## Given material
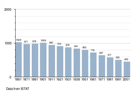- ^ Giuffrida, Angela (2017-05-07). "Italian village offers €2,000 gifts to boost dwindling population". The Guardian. ISSN 0261-3077. Retrieved 2017-05-10.
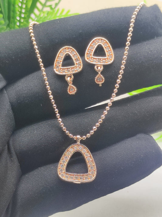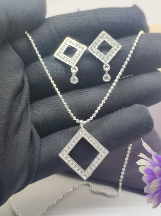 Elegant Silver-Tone Triangle Pendant Necklace & Earring Set
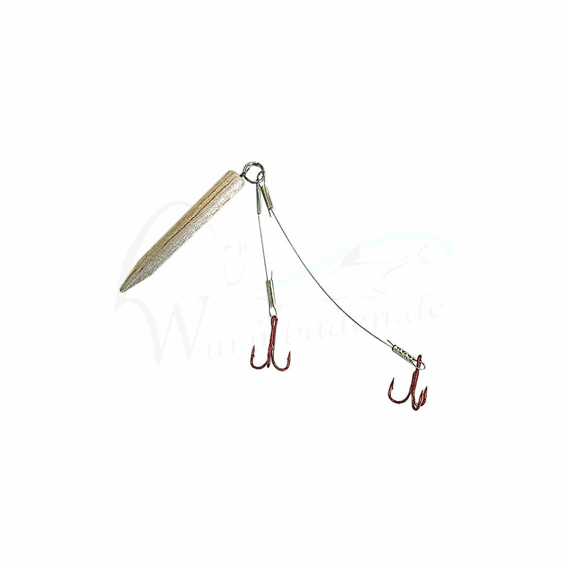 - Ein Köderfisch System mit zwei Drillingen und Auftriebskörper in der Größe L und einer Ködergröße von 12-14 cm.
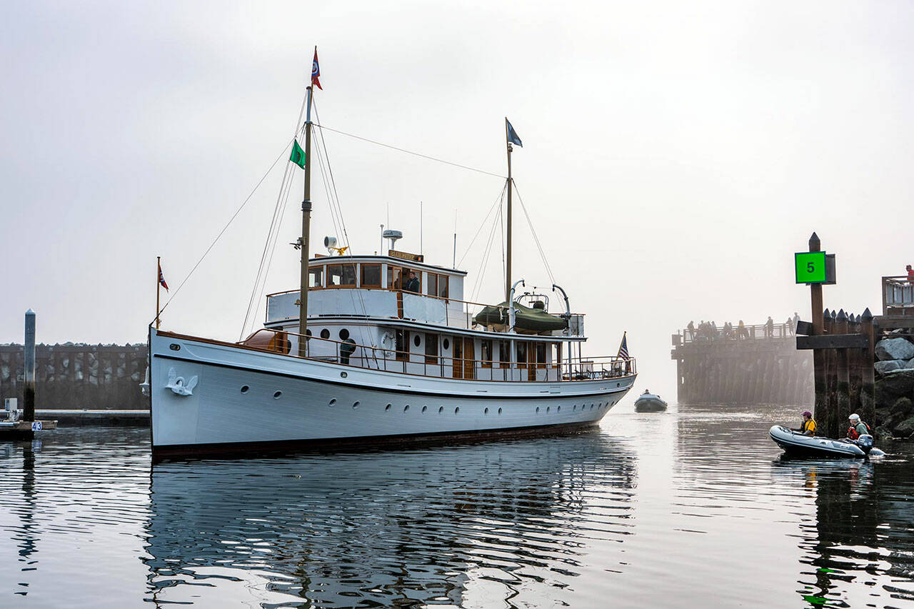 From out of the fog in Port Townsend Bay on Thursday morning, the 97-year-old yacht Blue Peter passes by spectators who lined the pier at the entrance to Point Hudson Marina.

## The problem
Please write the data out again exactly, but do not carry over the pictures.

## Written solution
- ^ Giuffrida, Angela (2017-05-07). "Italian village offers €2,000 gifts to boost dwindling population". The Guardian. ISSN 0261-3077. Retrieved 2017-05-10.
 Elegant Silver-Tone Triangle Pendant Necklace & Earring Set
 - Ein Köderfisch System mit zwei Drillingen und Auftriebskörper in der Größe L und einer Ködergröße von 12-14 cm.
 From out of the fog in Port Townsend Bay on Thursday morning, the 97-year-old yacht Blue Peter passes by spectators who lined the pier at the entrance to Point Hudson Marina.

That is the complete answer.